**Entries provided**
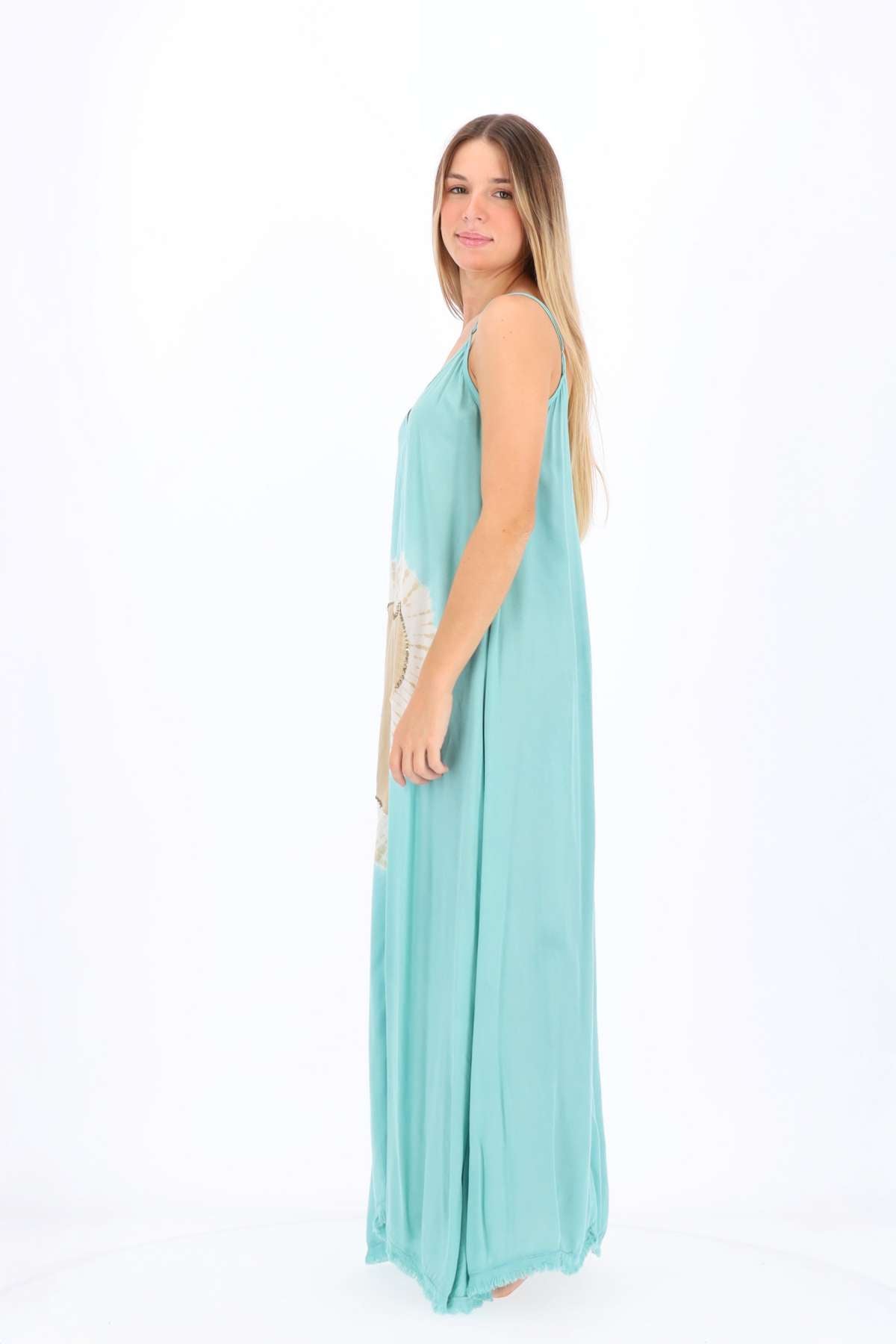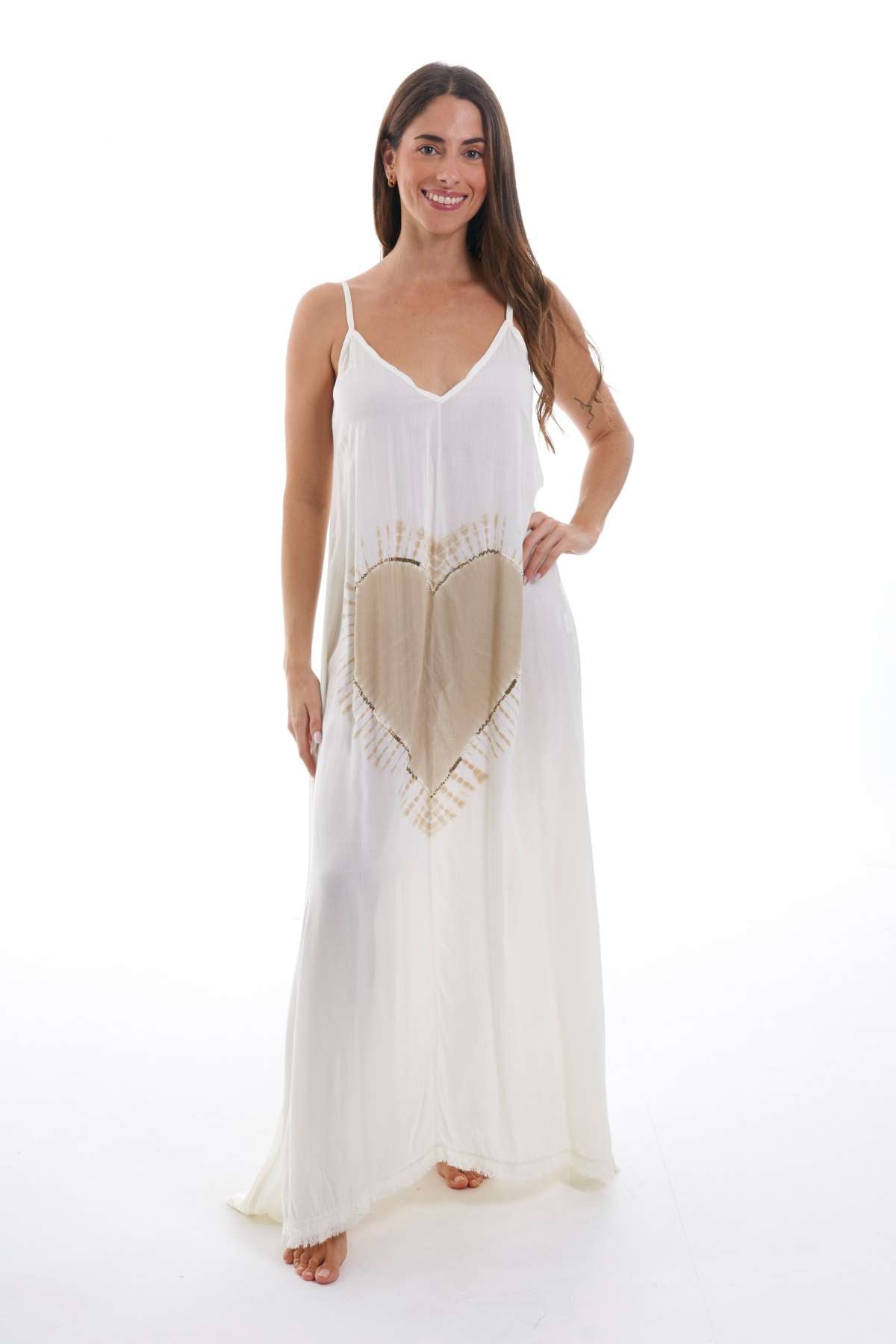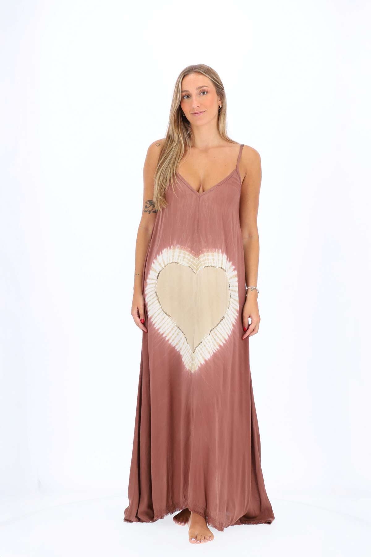 El Long Dress Tebo es la versión larga de uno de los patrones más exitosos de la marca, reinterpretado dentro de la colección Lovely con nuestro corazón tie dye artesanal como sello de identidad.
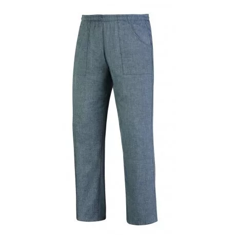 Világosszürke színű szakácsnadrág teljesen gumírozott derékrésszel, megkötővel, két rávarrt oldal- és egy hátsó zsebbel.
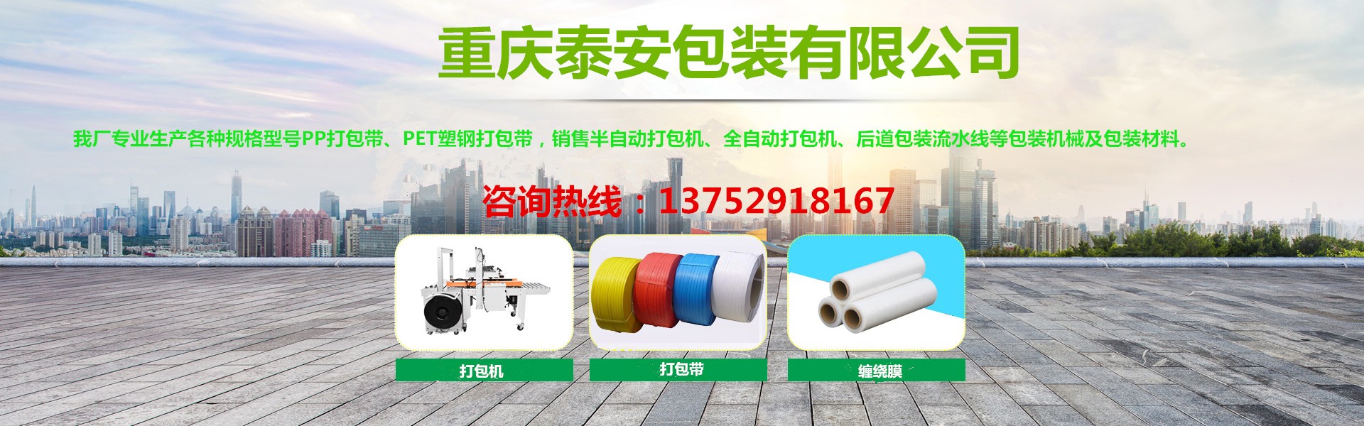 重慶泰安包裝有限公司(電話:13752918167)是專業(yè)生產各種打包帶、塑鋼帶、纏繞膜、膠帶,銷售打包機、纏繞機、封箱機、無人化流水線等各種包裝機械、包裝制品、包裝材料一體化的優(yōu)秀包裝企業(yè),始終堅持“穩(wěn)步擴張、精益管理”的方針,堅持“換位思考,了解客戶需求,主動服務,超越客戶期待”的服務理念,以熱忱的服務、優(yōu)良的品質、靈活的機制、創(chuàng)新的技術,向各新老客戶提供最優(yōu)質、優(yōu)價的產品和服務,具有對系列產品自主研發(fā)創(chuàng)新能力,能夠獨立根據(jù)用戶要求制版打樣。近十年來受到廣大客戶的信任,產品銷售遍及全國各大城市,與客戶形成自由平等、互利互惠的戰(zhàn)略合作關系,平均年銷售量2000多噸。
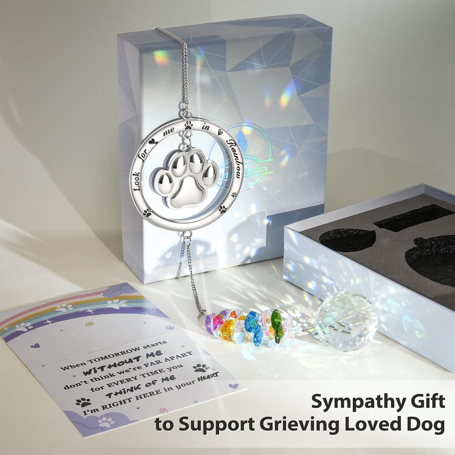 Sun Catcher Paw Print Sympathy Gift for Dog Lover - Rainbow Maker Hanging Dog Pa
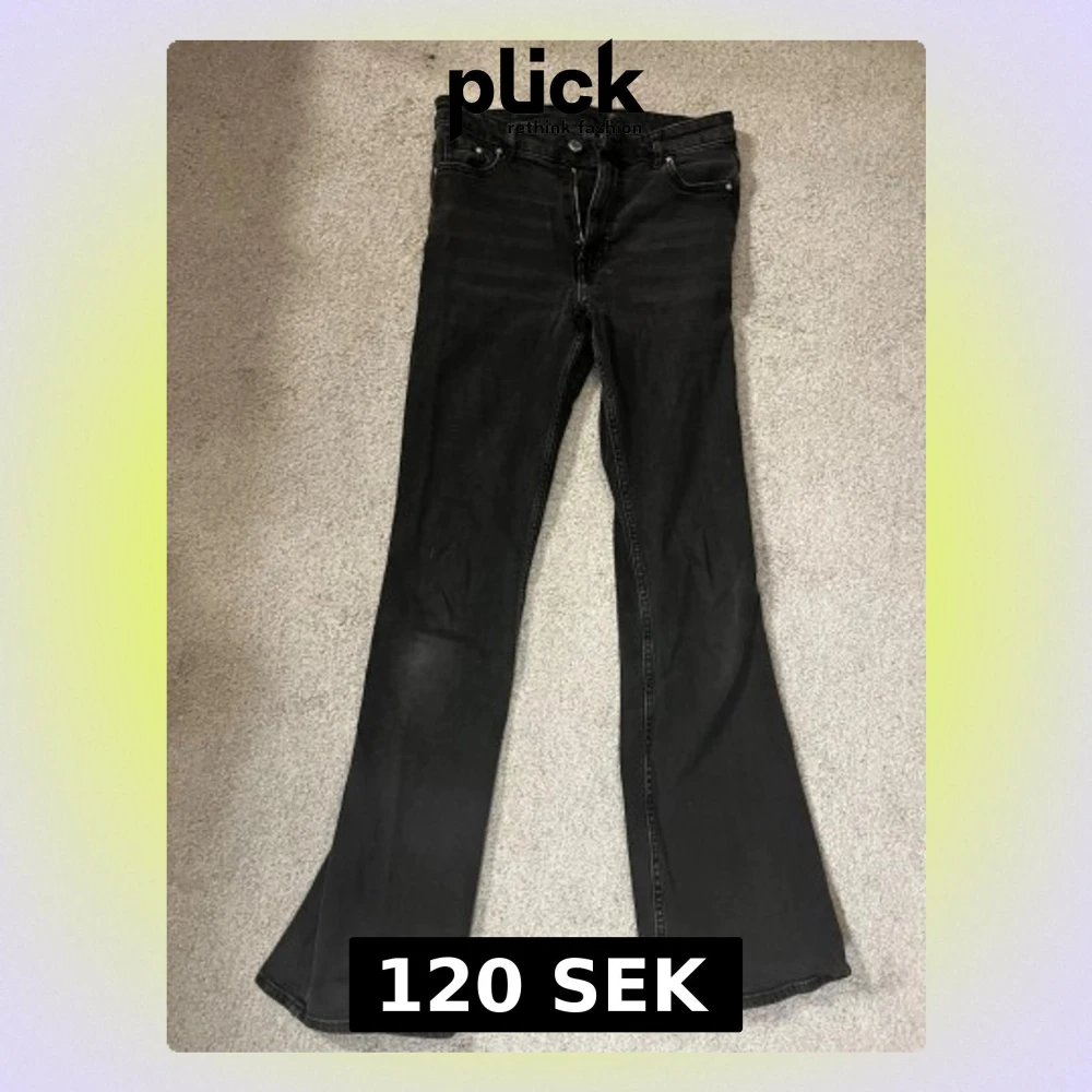 Säljer ett par svarta bootcut jeans från &Denim i storlek 34. De har hög midja och klassisk femficksdesign. Jeansen är i stretchig denim och har en snygg, mörk tvätt som passar till allt. Perfekta om du gillar en retroinspirerad siluett med utsvängda ben.
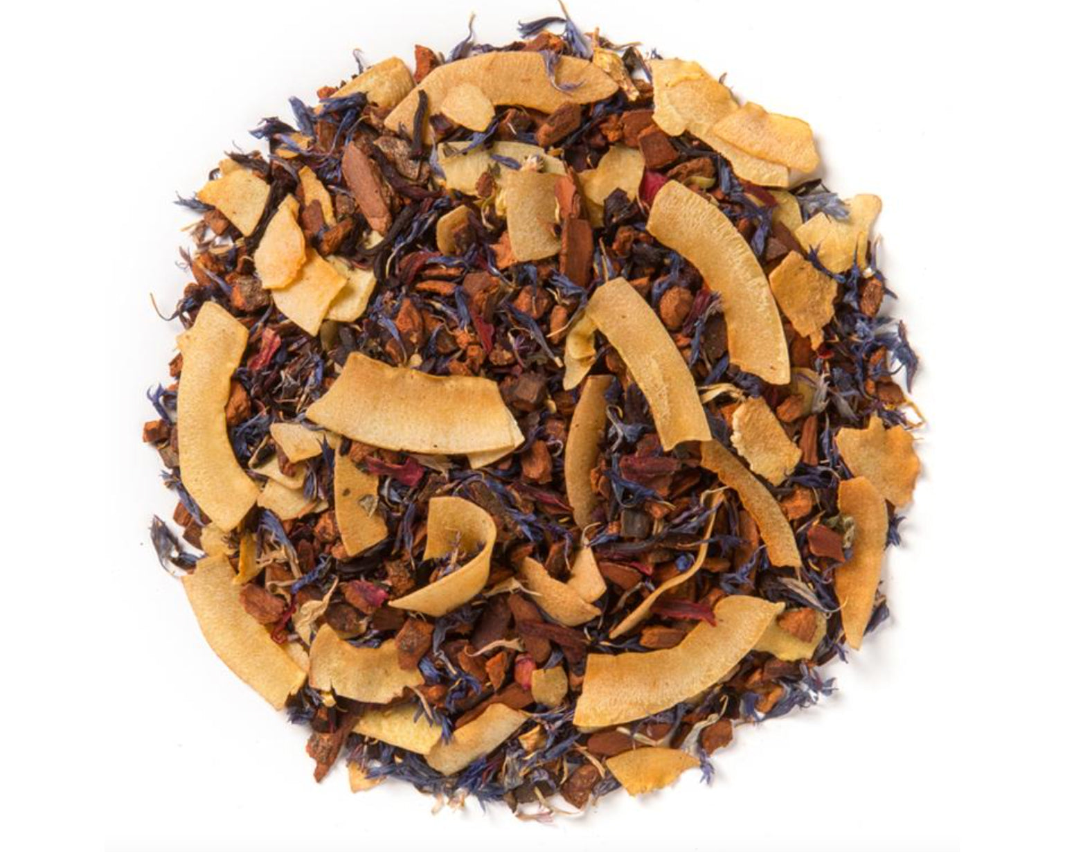 Ingredients: Organic cinnamon, organic hibiscus, organic dried coconut, organic peppermint, organic corn flowers and natural flavor.
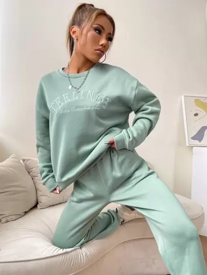 SHEIN Unity Pullover con bordado de letra de hombros caídos & Pantalones deportivos - verde menta - Añade 1
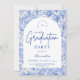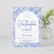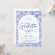 An elegant graduation celebration design featuring a delicate blue toile floral border inspired by classic European porcelain and vintage botanical prints. The intricate florals frame a clean arched center panel, creating a refined and timeless composition that highlights the graduate’s name and event details beautifully. Soft blue tones against a crisp ivory background give the design a sophisticated yet celebratory feel. Perfect for a stylish graduation gathering with a classic, romantic aesthetic.
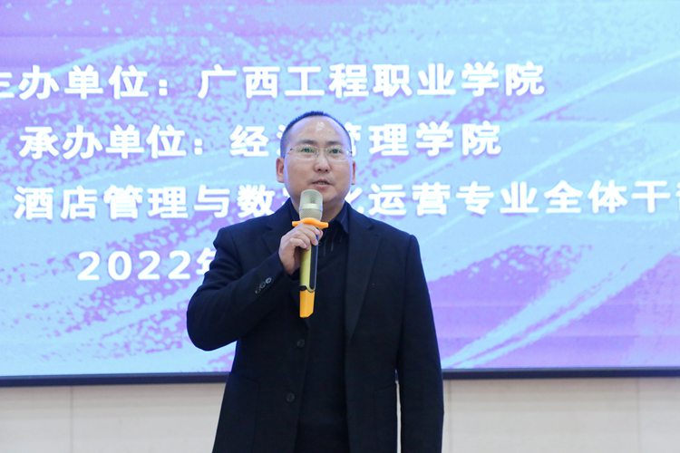 紀(jì)委書記、副校長(zhǎng)彭高彬宣布經(jīng)濟(jì)管理學(xué)院2022年第一屆“模擬現(xiàn)場(chǎng)導(dǎo)游大賽”正式開始
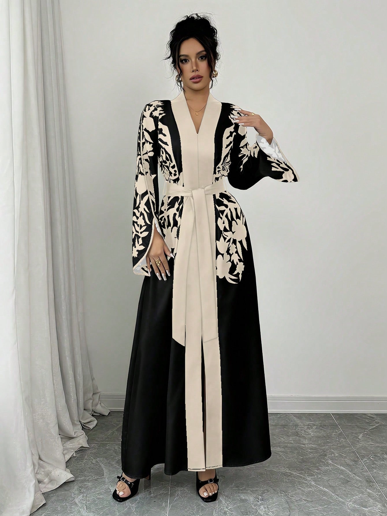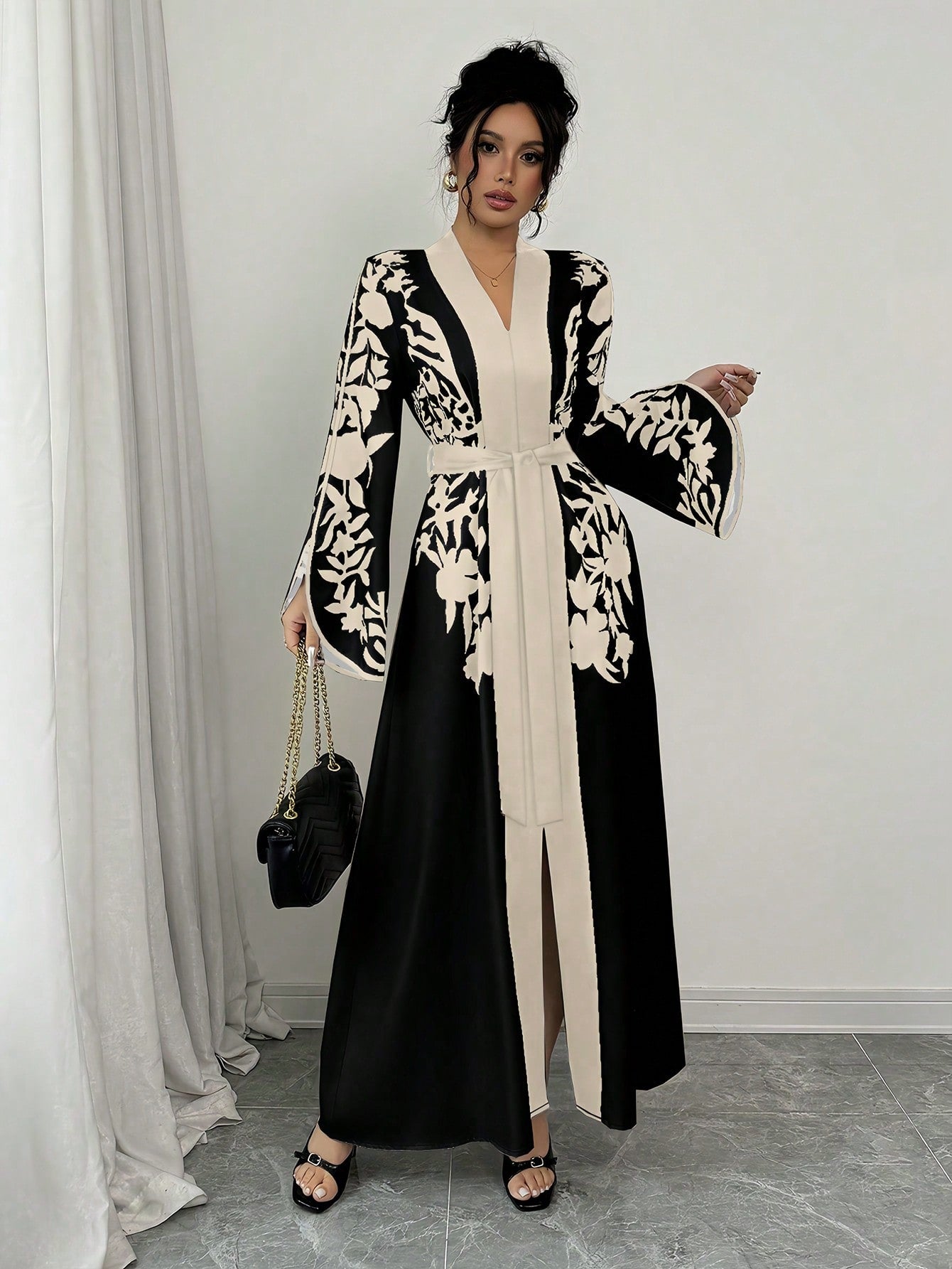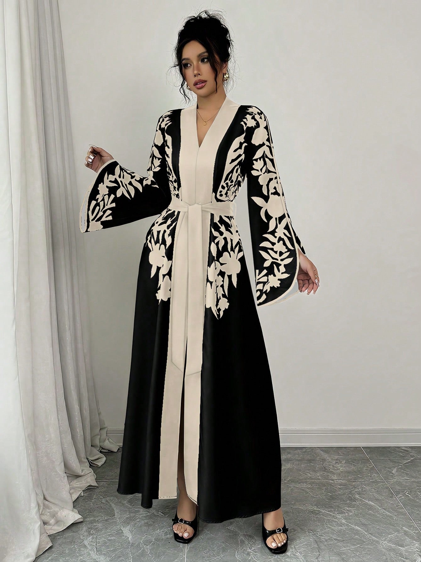فستان طويل أنيق للنساء ذو كم ناقوسي واسع مطبوع

**What you should do**
Start at the line above containing "重慶泰安包裝有限公司(電話:137529" and stop at the line containing "Sun Catcher Paw": print those lines and everything between them exactly, but not the pictures.

**Solution to the problem**
 重慶泰安包裝有限公司(電話:13752918167)是專業(yè)生產各種打包帶、塑鋼帶、纏繞膜、膠帶,銷售打包機、纏繞機、封箱機、無人化流水線等各種包裝機械、包裝制品、包裝材料一體化的優(yōu)秀包裝企業(yè),始終堅持“穩(wěn)步擴張、精益管理”的方針,堅持“換位思考,了解客戶需求,主動服務,超越客戶期待”的服務理念,以熱忱的服務、優(yōu)良的品質、靈活的機制、創(chuàng)新的技術,向各新老客戶提供最優(yōu)質、優(yōu)價的產品和服務,具有對系列產品自主研發(fā)創(chuàng)新能力,能夠獨立根據(jù)用戶要求制版打樣。近十年來受到廣大客戶的信任,產品銷售遍及全國各大城市,與客戶形成自由平等、互利互惠的戰(zhàn)略合作關系,平均年銷售量2000多噸。
 Sun Catcher Paw Print Sympathy Gift for Dog Lover - Rainbow Maker Hanging Dog Pa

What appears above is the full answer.